Privacy Policy

Zivlo (zivlo.io) - operated by Dare to Accept Ltd

Effective date: 3 June 2026

Last updated: June 2026

1. Introduction

This Privacy Policy explains how Dare to Accept Ltd ("we", "our", or "us") collects, uses, stores and protects your personal data when you use Zivlo ("the Service"), a business-to-business lead-generation tool available at zivlo.io.

We are committed to protecting your personal data and respecting your privacy rights under the UK General Data Protection Regulation (UK GDPR) and the Data Protection Act 2018. This policy tells you what data we collect, why we collect it, how long we keep it, and what rights you have.

By using the Service, you agree to the collection and use of information in accordance with this Privacy Policy. If you do not agree, please do not use the Service.

2. Who We Are

The data controller responsible for your personal data is:

  • Company name: Dare to Accept Ltd
  • Companies House number: 16010528
  • Registered address: 128 City Road, London, EC1V 2NX, United Kingdom
  • ICO registration number: ZC138888
  • Website: zivlo.io
  • Contact email: help@zivlo.io

3. What Personal Data We Collect

3.1 Account information

When you register for a Zivlo account, we collect:

  • Your full name
  • Email address
  • Account password (encrypted using industry-standard hashing - we cannot read it)
  • Any other information you voluntarily provide

3.2 Payment information

All payments are processed by Stripe, our payment processor. We do not collect, store or have access to your full payment card details. Stripe provides us with:

  • The last four digits of your payment card
  • Card expiry date
  • Billing address (if provided to Stripe)
  • Payment confirmation and transaction history

Stripe processes your payment data under its own privacy policy. We recommend you review Stripe's privacy policy at stripe.com/privacy.

3.3 Usage data

We automatically collect information about how you interact with the Service:

  • Log data: IP address, browser type and version, pages visited, time and date of visits, time spent on pages
  • Device data: device type, operating system, unique device identifiers
  • Feature usage: which features you use, search queries (business type and location terms), generated pitches
  • Error reports: technical errors or crashes

3.4 Communications

When you contact us (for example, for support or account queries), we collect:

  • Your email address and any information you include in your message
  • Support ticket history

3.5 Cookies

We use only strictly necessary cookies that are essential for the Service to function, including:

  • Session cookies to keep you signed in to your account
  • Security cookies to protect your account

We do not use analytics cookies, tracking cookies or any cookies for marketing purposes. Because we only use strictly necessary cookies, no cookie consent banner is required.
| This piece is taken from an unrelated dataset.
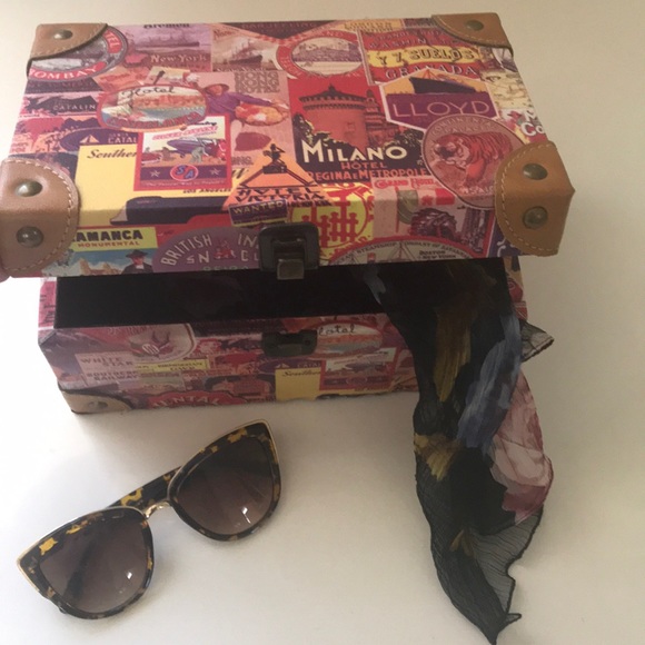Check out my other listings for a smaller matching trinket box, the sunglasses & scarf in the 1st photo!

You can control or delete cookies through your browser settings, but doing so may prevent the Service from functioning correctly.

4. Lawful Basis for Processing

Under UK GDPR, we must have a lawful basis to process your personal data. The bases we rely on are:

4.1 Contract (Article 6(1)(b))

Processing necessary to perform our contract with you: providing the Service, managing your account, processing payments, and sending service-related communications.
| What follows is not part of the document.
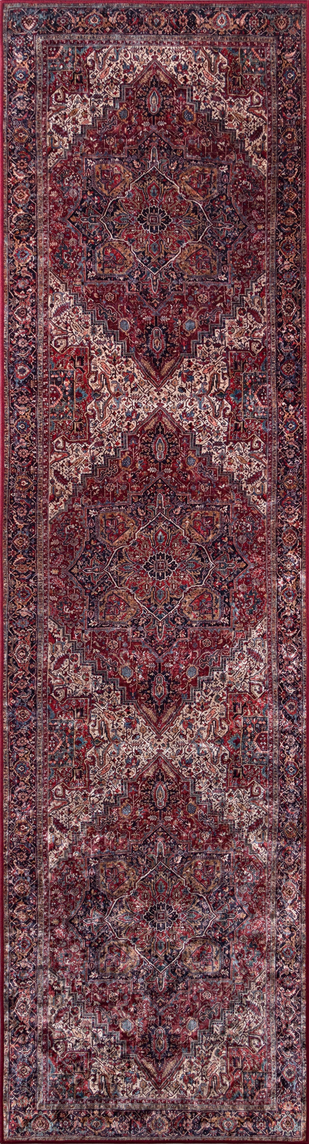 The enduring beauty of this Old World-inspired area rug is a touchstone for designing the traditional room. The rectangular rug format boasts a dazzling array of antique Persian carpet motifs, its intricate tracery and botanical themes artfully illustrated in burgundy red and blue. Long-wearing polyester threads are suited to style just about any space, making this decorative floorcovering a versatile design accent on floors throughout the home.

4.2 Legitimate interests (Article 6(1)(f))

Processing necessary for our legitimate business interests, provided your rights do not override these interests: fraud prevention, network security, service improvement, and analytics. We do not use your data for direct marketing.

4.3 Legal obligation (Article 6(1)(c))

Processing necessary to comply with the law: tax and accounting requirements (we retain billing records for 6 years as required by HMRC), and responding to legal requests from authorities.

5. How We Use Your Personal Data

We use your personal data to:

  • Provide, operate and maintain the Service
  • Process your subscription payments and manage billing
  • Send transactional emails (account confirmations, password resets, payment receipts, subscription reminders)
  • Respond to your enquiries and provide customer support
  • Monitor and improve the Service (bug fixes, feature development)
  • Detect, prevent and address technical issues, fraud and security incidents
  • Comply with legal obligations, including tax and accounting record-keeping

We do NOT use your personal data to:

  • Send marketing emails (we only send transactional, account-related emails)
  • Sell your personal data to third parties
  • Contact the businesses surfaced in your search results on your behalf

6. Third Parties and Sub-Processors

We use the following third-party services (sub-processors) to provide the Service. Each processes data only to the extent necessary to perform their function and is bound by contractual data protection obligations.

Sub-ProcessorPurposeData ProcessedLocation
StripePayment processingPayment details (last 4 digits), billing info, transaction historyUS / EU
ResendTransactional email deliveryEmail address, email content (account-related only)US
SupabaseDatabase and authenticationAccount data, usage data, search queriesOutside UK/EEA
HostingerApplication hostingAll data transmitted through the ServiceEU

6.1 Stripe

Stripe processes all payment transactions. We never see your full card number. Stripe is certified to PCI DSS Level 1. Stripe may process data in the United States and European Union.

6.2 Resend

Resend delivers transactional emails on our behalf (account-related emails only - we do not send marketing emails). Resend may process data in the United States.

6.3 Supabase

Supabase provides our database infrastructure and authentication services. Your account data and usage data are stored on Supabase servers. Supabase may process data outside the UK/EEA.

6.4 Hostinger

Hostinger provides application hosting infrastructure for the Service. All data transmitted through the Service passes through Hostinger's servers.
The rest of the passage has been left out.